Some WestJet passengers departing Vancouver International Airport (YVR) this fall can expect to get COVID-19 tests before boarding. Neither WestJet nor the Vancouver Airport Authority (VAA), which runs the airport, however, has said which flights will be selected for this trial initiative.
The airline and the VAA plan to launch a pilot project to test passengers for the novel coronavirus on some departing flights, according to an August 28 blog post written by WestJet CEO Ed Sims and VAA CEO Tamara Vrooman.
"The pilot, which we aim to launch this fall, will incorporate current best practices on testing, pulling together industry players and experts to lead in the research and development of solutions that support aviation safety and slow the spread of COVID-19," they wrote.
"Why are we doing this? Our industry has always been heavily focused on safety and for us this pilot is a natural evolution of our historical commitment. It supports our efforts to uphold top safety standards, while instilling confidence for those who need to travel. It’s also about building collective knowledge and literacy, which will help inform longer-term solutions around communicable diseases."
The two said that they will share data with government and health authorities and partner with academia "to marry our expertise in passenger movements to science."
They said that their teams will "closely scrutinize the trial results to learn how we can further improve travel processes and evolve our safety measures as required."
Airlines have been losing substantial amounts of money as a result of people not wanting to get on airlines because of a fear that they will contract the deadly disease that has spawned a global pandemic.

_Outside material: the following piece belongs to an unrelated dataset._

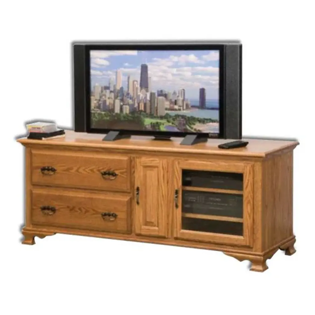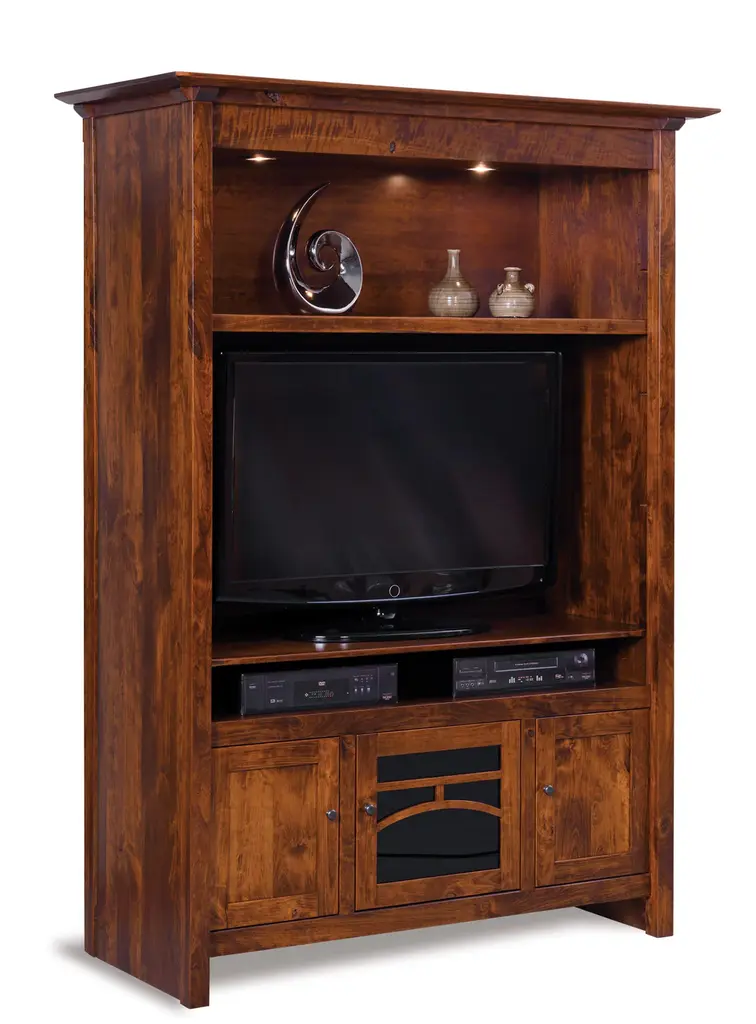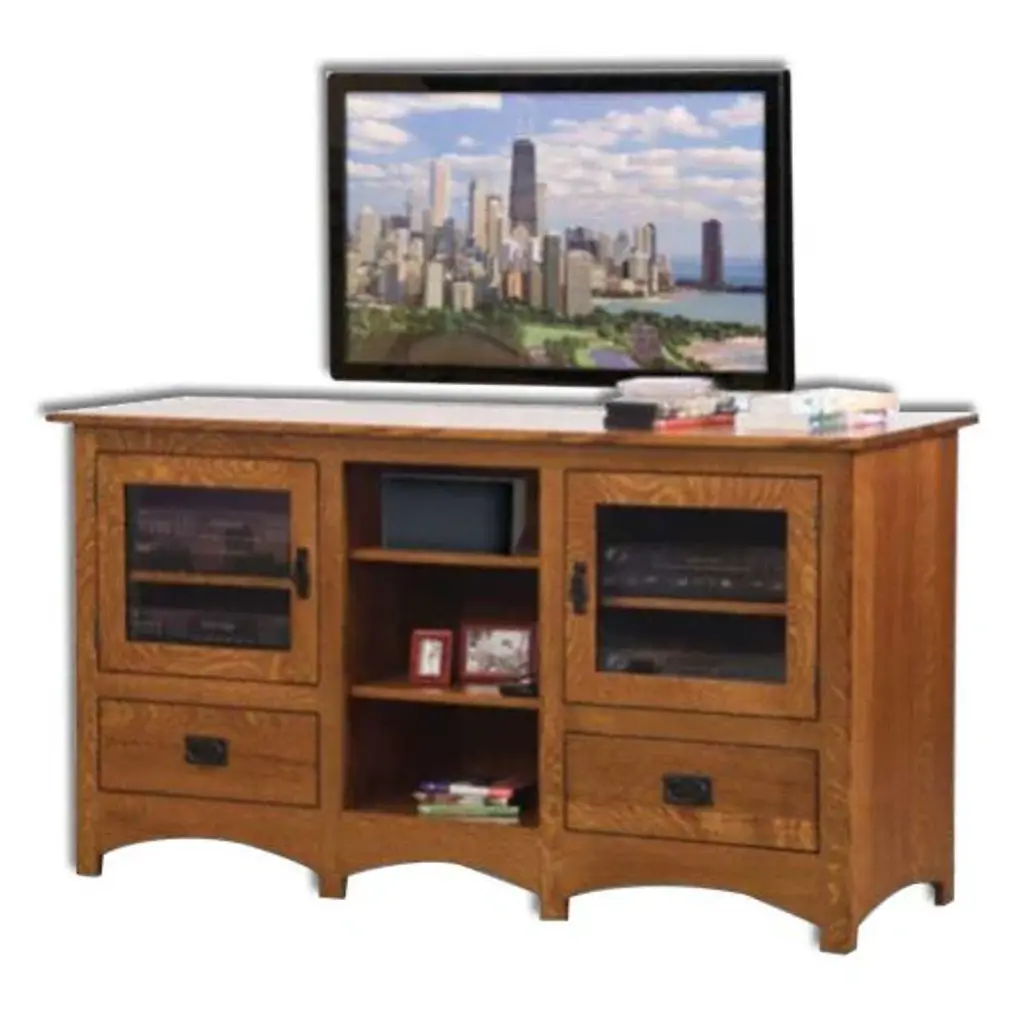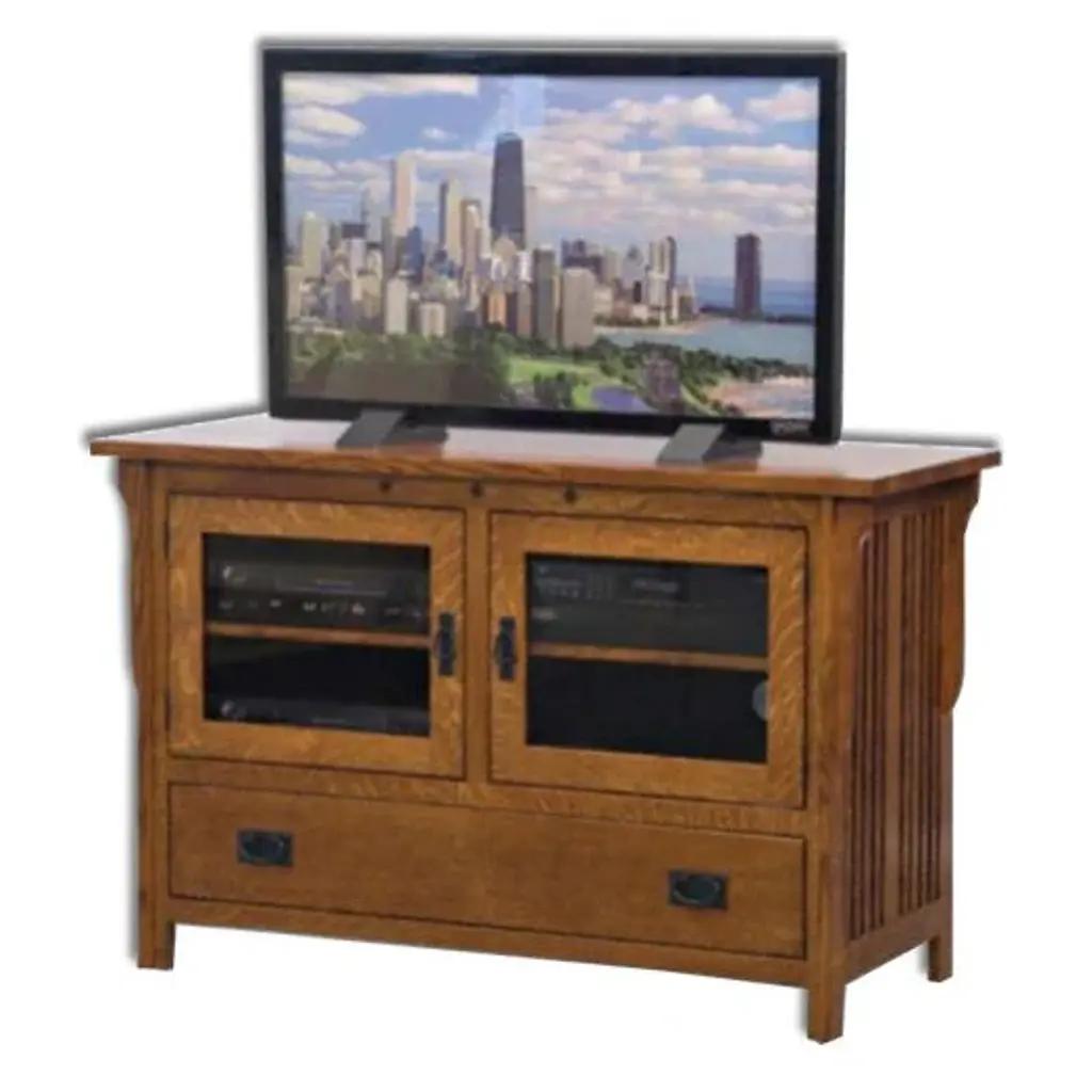 The Amish 60" Royal Mission Plasma LCD stand is a traditional Mission style featuring diamond inlays for the "Royal Touch". Standard features of the Royal Mission line are 1" thick tops, slatted sides, Mission Corbels, a grouping of 3 walnut inlays and full extension slides. Shown with standard black Mission hardware.

Fueling that fear is the fact that WestJet and many other airlines are selling the middle seats in rows.
WestJet defended this practice in July, when it said in a blog post: "Seat distancing was never intended to be in place permanently or throughout the pandemic. What makes an airplane, and the entire journey, safe is the layers of enhanced cleaning, the wearing of masks and the hospital-grade HEPA filters that remove 99.999 per cent of all airborne particles. The hygiene standards we have now are world-class and backed by industry experts."
Flair Airlines CEO Jim Scott told BIV in May that his airline was selling all available seats, including middle seats, because safety measures were sufficient – even though B.C. provincial health officer Bonnie Henry has stressed that social distancing is more important than wearing masks.